Luigi Gambardella, president of ChinaEU, told CNA that AI chips matter not just for business - but also for military capability, technological leadership and economic competitiveness.
“The key issue is no longer simply trade,” Gambardella said.
“It is who controls the technological foundations of the next industrial era.”
Han said the developments reflected “managed coexistence”.
“The underlying strategic competition hasn’t softened but what’s changed is the tactical appetite for disruption,” he said.
Gary Ng, a senior economist at Natixis Corporate & Investment Banking, said developments pointed more toward “limited commercial flexibility” rather than any broader easing in technology tensions.
TRADE AND BUSINESS
Trade and business ties also remained a major focus during this week’s summit.
Xi and Chinese Premier Li Qiang met separately with US business leaders during the summit - with the president saying “China’s door will only open wider” and Li calling a “stable and sound” China-US relationship in the interests of both countries.

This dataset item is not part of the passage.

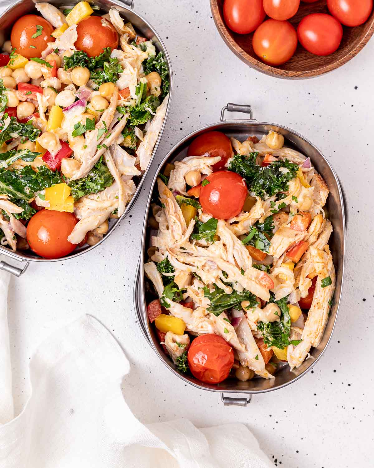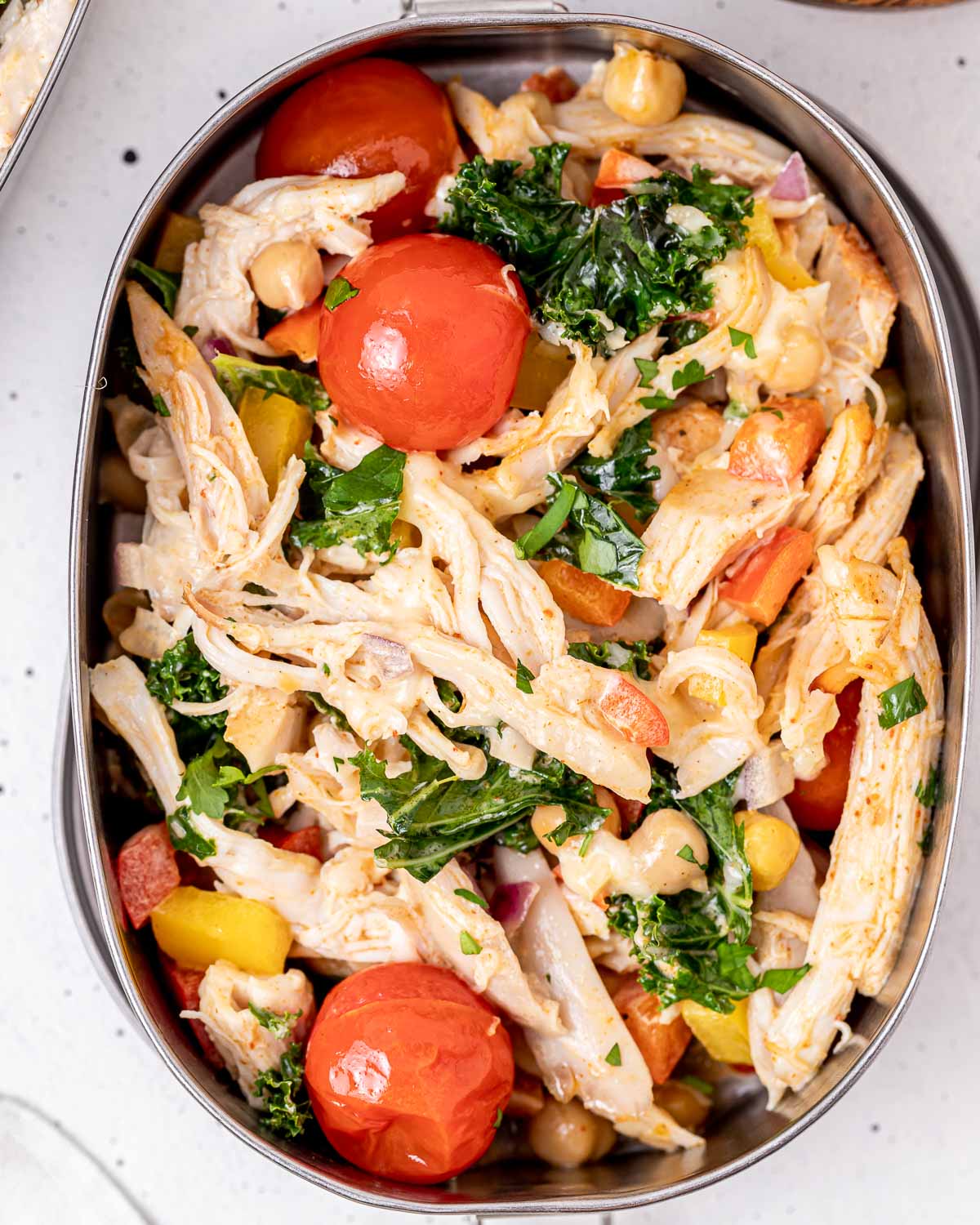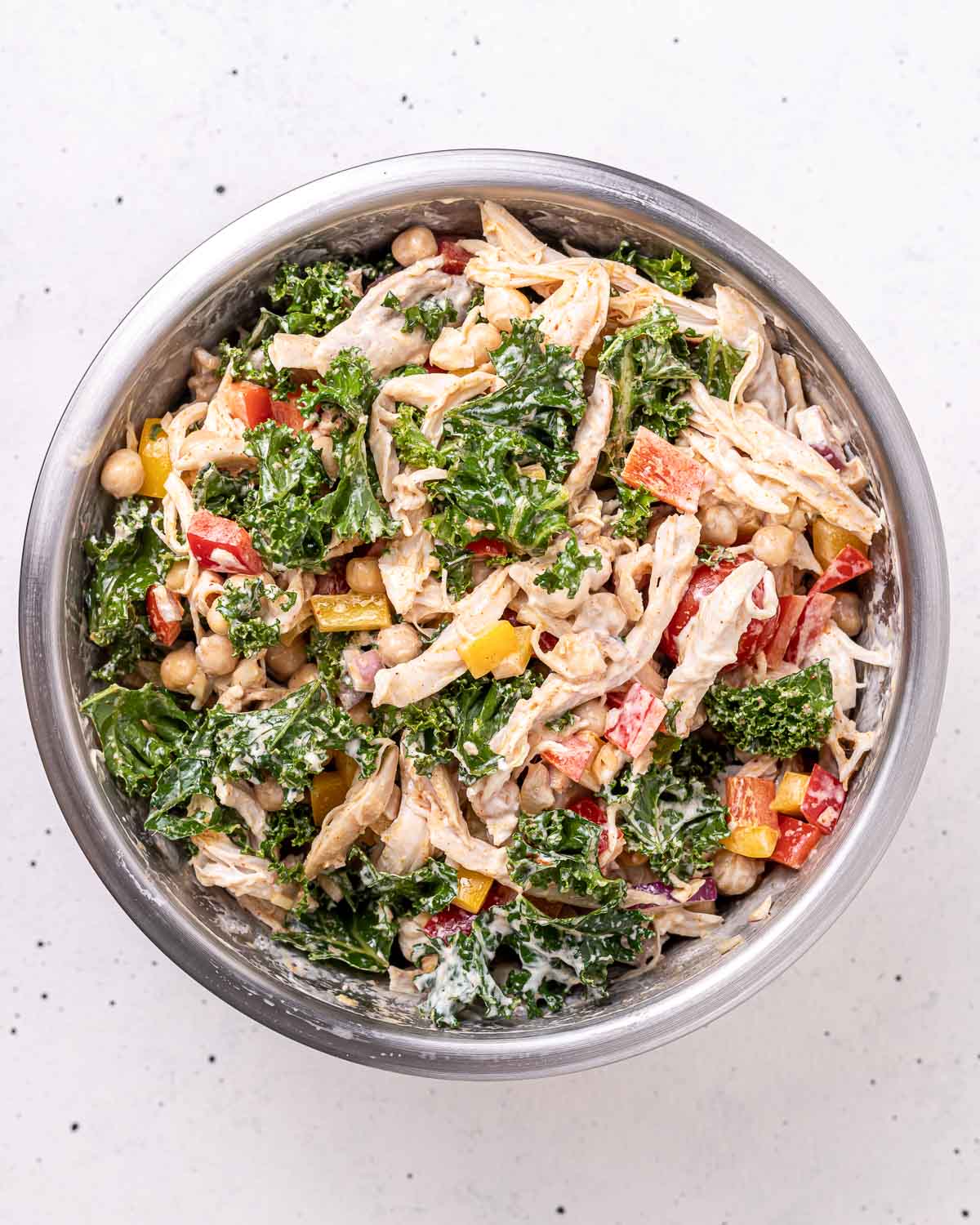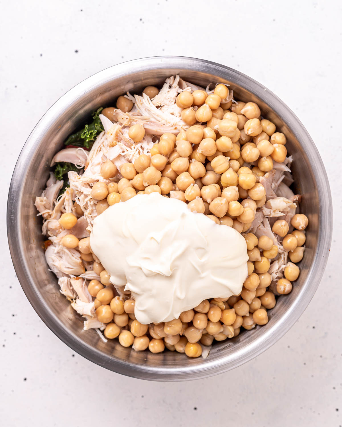 Add in the chickpeas, chicken, and mayonnaise or Greek yogurt, sea salt and freshly ground black pepper to taste then toss well to combine.

During the visit, US Treasury Secretary Scott Bessent told CNBC that the two sides were discussing setting up a “Board of Trade” and “Board of Investment” - proposed mechanisms aimed at creating more formal channels for managing trade and investment.
Speaking to Fox News on Friday, Trump said China had agreed to buy 200 Boeing aircraft and increase purchases of American oil and agricultural products.
Rather than signalling any major economic reset, the announcements had largely been expected and resembled previous rounds of negotiations between Washington and Beijing, said Marco Sun, chief financial market analyst at MUFG (China).
At the same time, China signalled possible renewed access for some US beef exporters during the summit, suggesting both sides were still trying to keep commercially important sectors functioning even as tensions persist elsewhere.
Summing it up, Stephen Olson, a senior visiting fellow at the ISEAS-Yusof Ishak Institute in Singapore, said both leaders appeared to get what they needed from the summit.
“Xi’s desired framing for this meeting was China as a full peer competitor to the US - a country that does not need to ‘bend the knee’ to US demands,” he said.
“Xi achieved this. Trump came away with the purported ‘deals’ he can trumpet as ‘wins’.”